When considering any material for use as an anticoagulation coating on an implantable device, one of the most important aspects to consider is the surface properties of the material, since it will be making direct contact with the blood. Properties of the surface include the hydrophobicity of the material, protein adsorption, formability, and several others that can be changed in a variety of ways, including plasma treatment, chemical vapor deposition, and grafting. Regardless of the material in consideration for use as an anticoagulation coating, appropriate surface modifications need to be assessed in order to maximize the coating’s effectiveness [24-28].
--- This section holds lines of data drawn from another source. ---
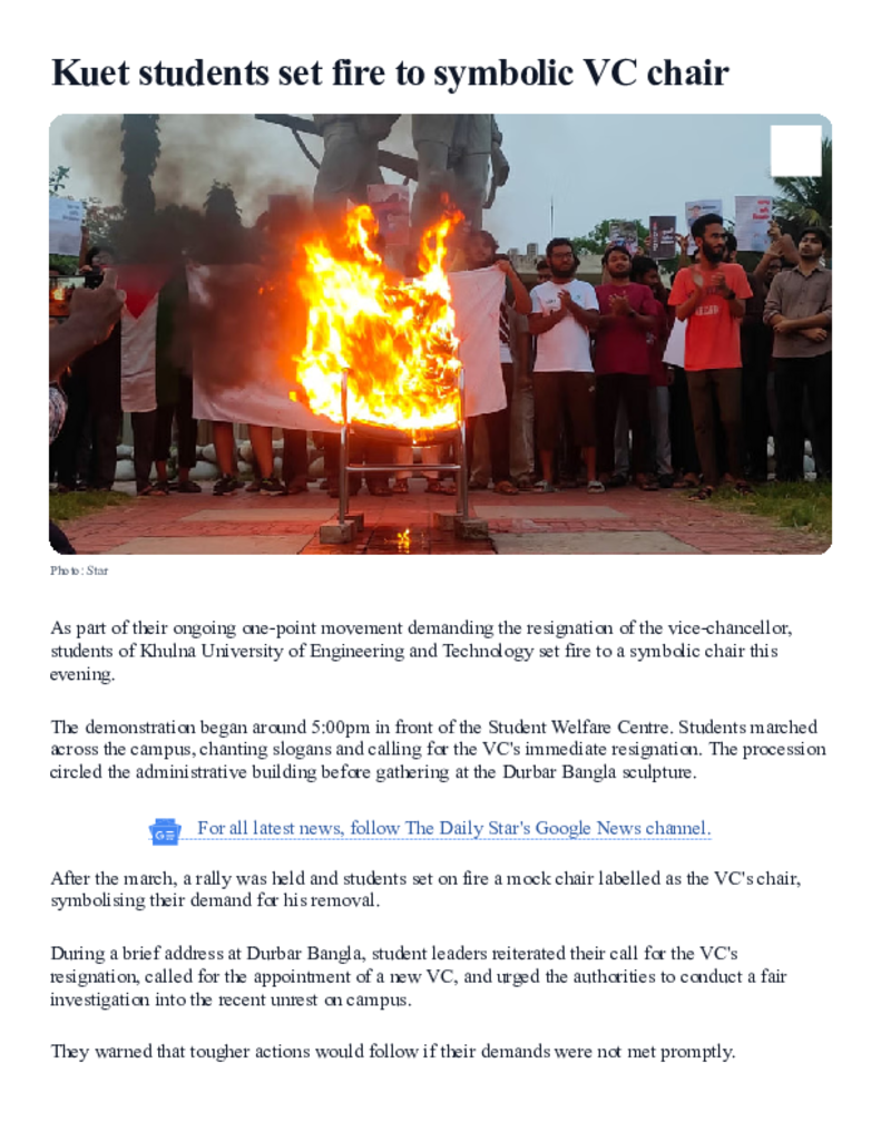 Kuet students set fire to symbolic VC chair _ The Daily Star.pdf Published on 17 April 2025 Newspaper The Daily Star Category Campus Terrorism General Education Download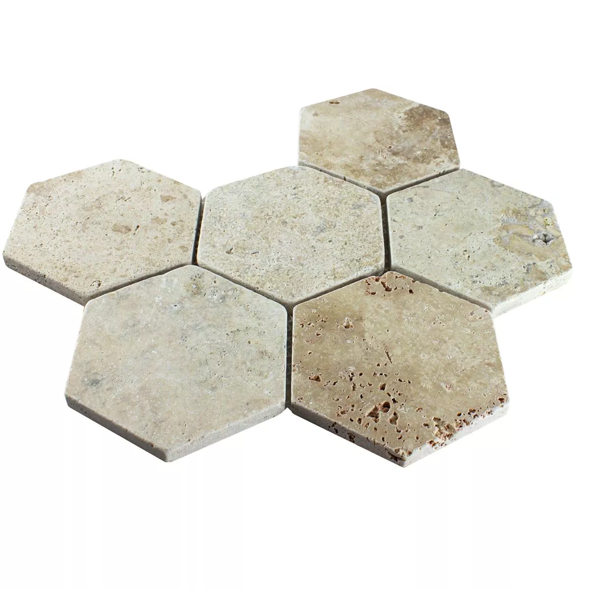 Z Travertinu. Přírodní Kámen Mozaiková Dlaždice Mercado Šestiúhelník Béžová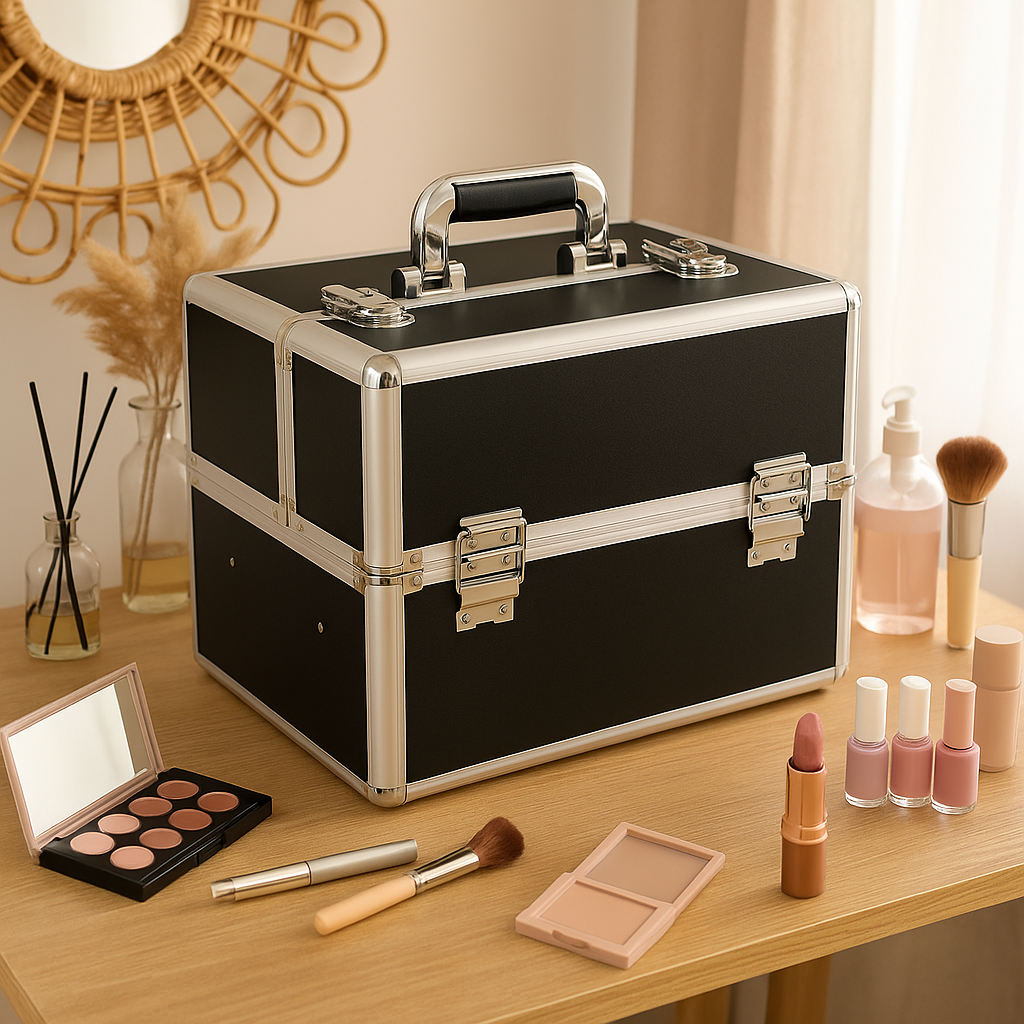 Zadbaj o porządek w swoich kosmetykach z eleganckim i funkcjonalnym kuferkiem kosmetycznym w kolorze czarnym. Model z dwupoziomową konstrukcją – idealny zarówno dla mobilnej makijażystki/kosmetyczki, jak i do użytku domowego lub w podróży.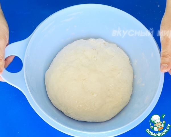 Тесто поднялось, и уже можно лепить изделия. Разделить тесто на одинаковые шарики. У меня вышло 10шт. Накрываем плёнкой и оставить на 15 минут.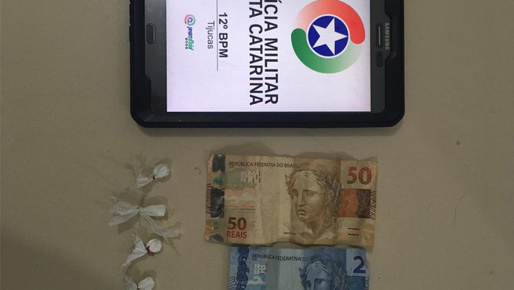 Um adolescente de 17 anos foi preso na noite desta quarta-feira (13), acusado de tráfico de cocaína, em Tijucas. De acordo com os policiais ele foi flagrado comercializando a droga junto a um usuário em ponto de ônibus, no bairro Pernambuco.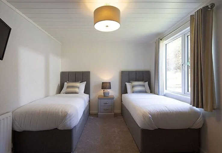 Sleeping up to four guests, the lodge features two inviting bedrooms: a cosy double room with soft linens and warm décor, and a spacious twin room ideal for families or travelling companions. Both bedrooms provide ample storage and a peaceful atmosphere, making them the perfect spaces to unwind after a day exploring Dorset’s beautiful surroundings.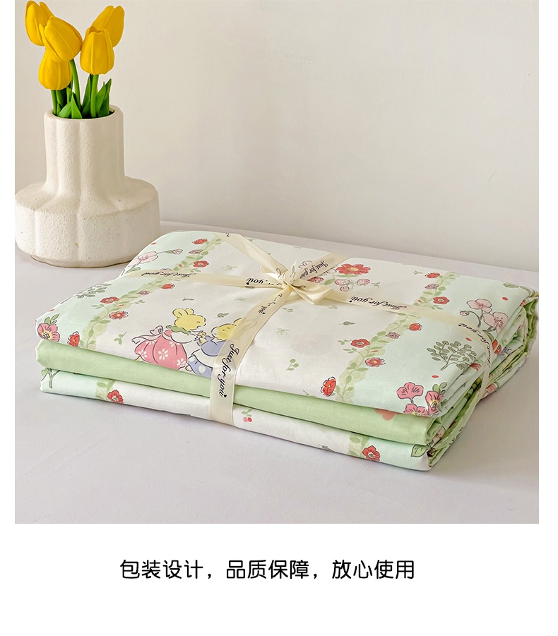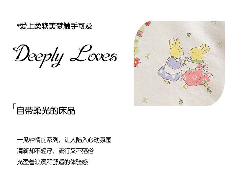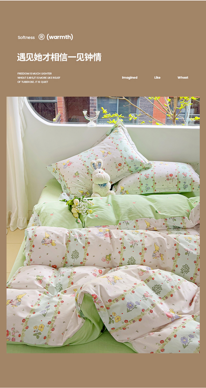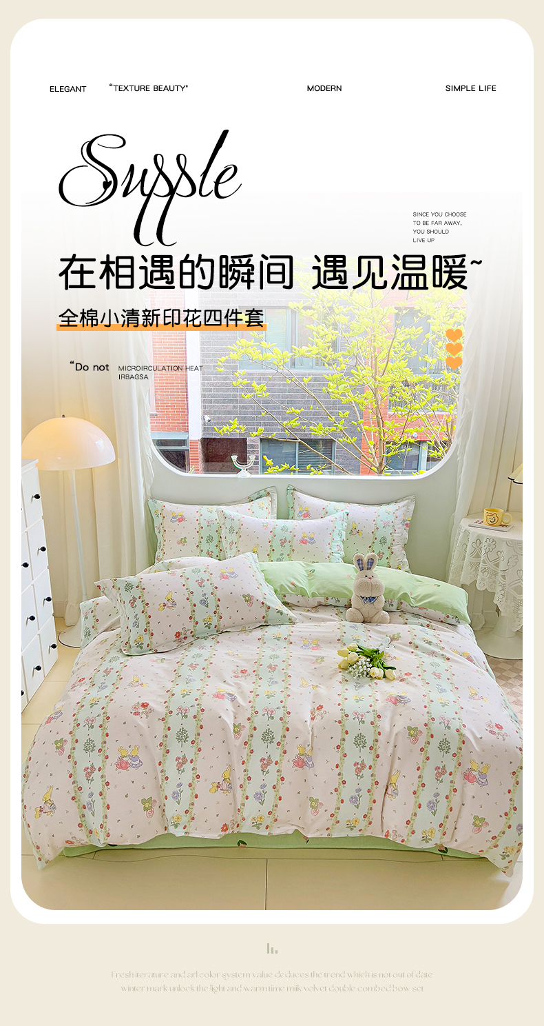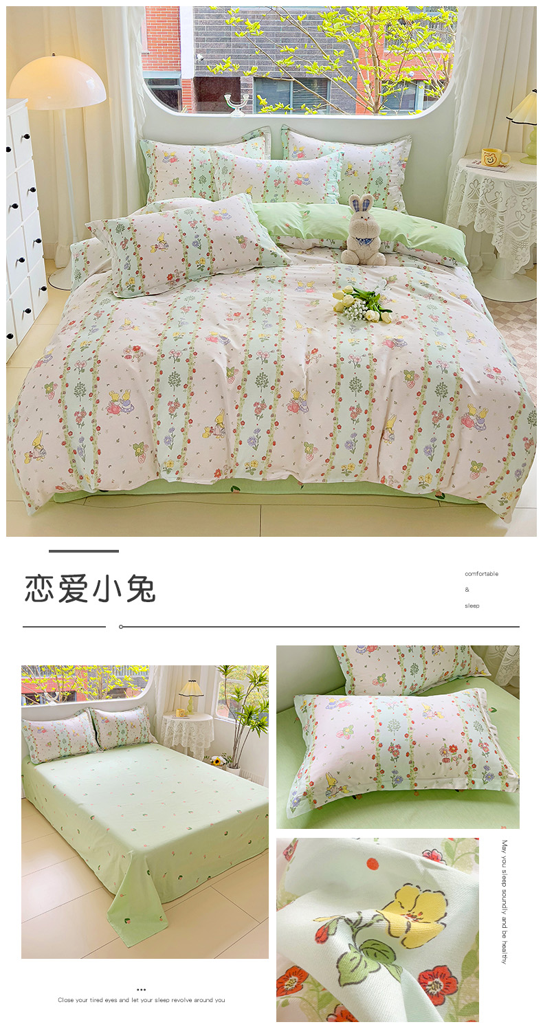 暖芯优选 204新款直播爆款全棉-ins印花系列四件套纯棉三件套床单床笠 恋爱小兔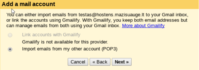 Step 4: Click on “Import emails from my other account (POP3)” and select “Next”: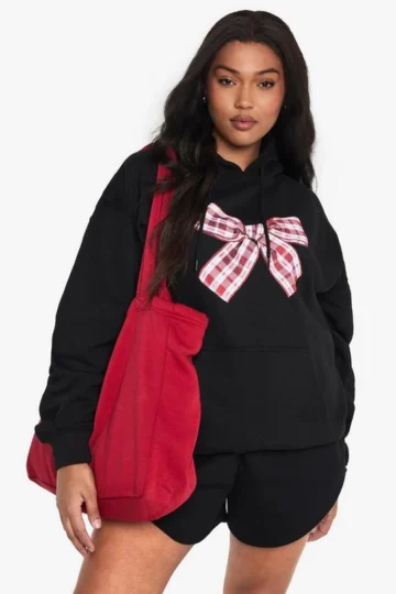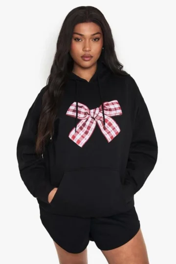 BOOHOO PLUS GINGHAM BOW OVERSIZED HOODIE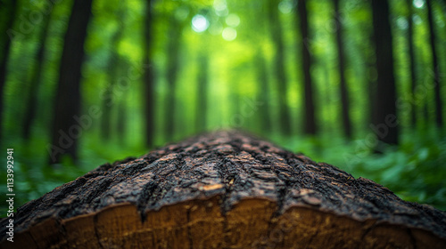 Close-up of a sawn-off tree in a forest with blurred background of other cut trees, symbolizing deforestation, environmental destruction, and the chaos caused by human impact on nature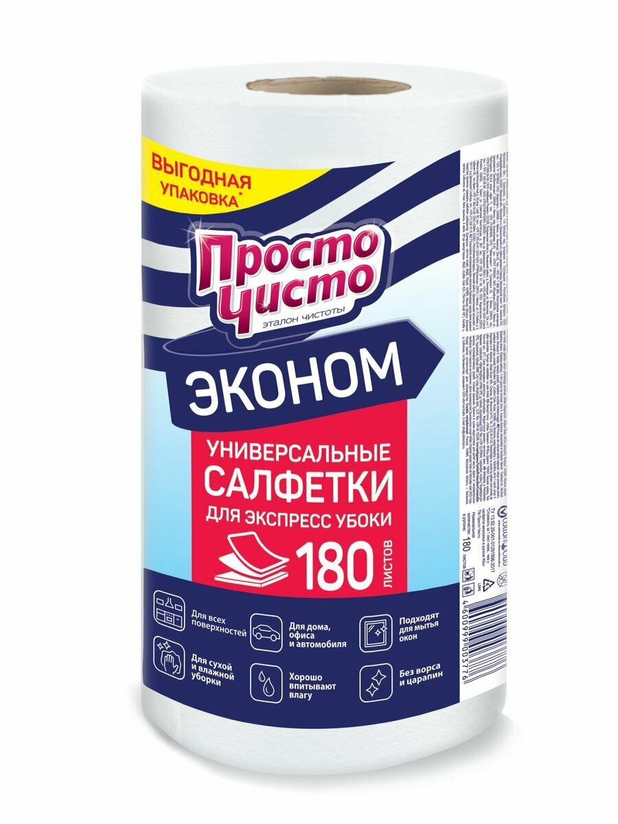 Салфетки для уборки Просто Чисто универсальные в рулоне для кухни и дома 180 шт

Conclusions and Future Directions

Each coating listed has its own advantages and disadvantages, and several appear to be feasible options for use as anticoagulation coatings on biomaterials. In our opinion, despite these possible few that have displayed good potential, most of these coatings are not long-term solutions. Those incorporating heparin can cause major issues over time, and while nitrous oxide can be catalyzed continuously, there’s no guarantee that the reaction won’t eventually be interrupted. Therefore, there is still a definite need to further explore anticoagulation coatings that could prevent thrombosis for long periods of time so that devices wouldn’t require repair or replacement every few years. For future direction, we propose looking towards more permanent solutions, such that implantable devices covered by one of these coatings can prolong clotting indefinitely, or at least to the point that the coated device will outlast the patient without failing due to the body’s natural reaction to foreign objects.